Systematic Biology | 2005
Ziheng Yang; Bruce Rannala
The Bayesian method for estimating species phylogenies from molecular sequence data provides an attractive alternative to maximum likelihood with nonparametric bootstrap due to the easy interpretation of posterior probabilities for trees and to availability of efficient computational algorithms. However, for many data sets it produces extremely high posterior probabilities, sometimes for apparently incorrect clades. Here we use both computer simulation and empirical data analysis to examine the effect of the prior model for internal branch lengths.

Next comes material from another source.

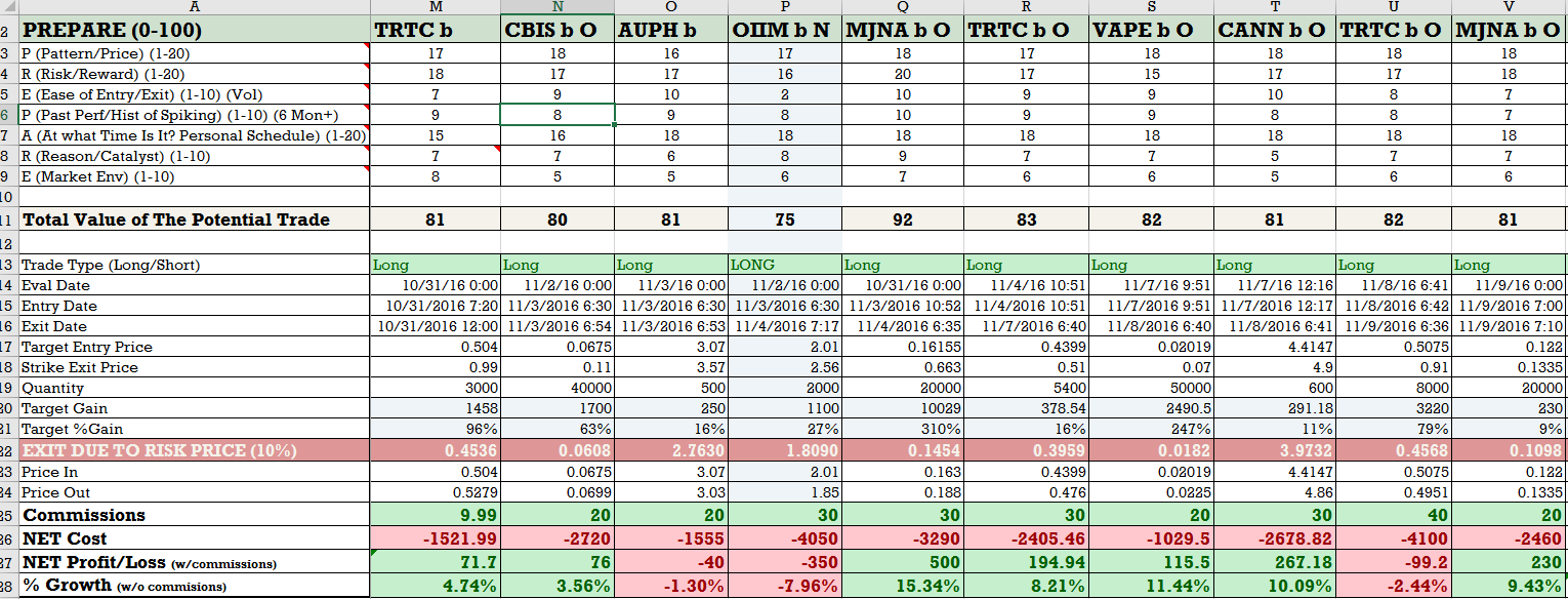 This has been working for the cannabis stocks as there is a lot of positive sentiment in the market for them. Here are my most recent earnings from my spread sheet. All of my trades are verified via TDAmeritrade and can be seen in my trades.

We found that posterior probabilities for trees and clades are sensitive to the prior for internal branch lengths, and priors assuming long internal branches cause high posterior probabilities for trees. In particular, uniform priors with high upper bounds bias Bayesian clade probabilities in favor of extreme values. We discuss possible remedies to the problem, including empirical and full Bayesian methods and subjective procedures suggested in Bayesian hypothesis testing. Our results also suggest that the bootstrap proportion and Bayesian posterior probability are different measures of accuracy, and that the bootstrap proportion, if interpreted as the probability that the clade is true, can be either too liberal or too conservative.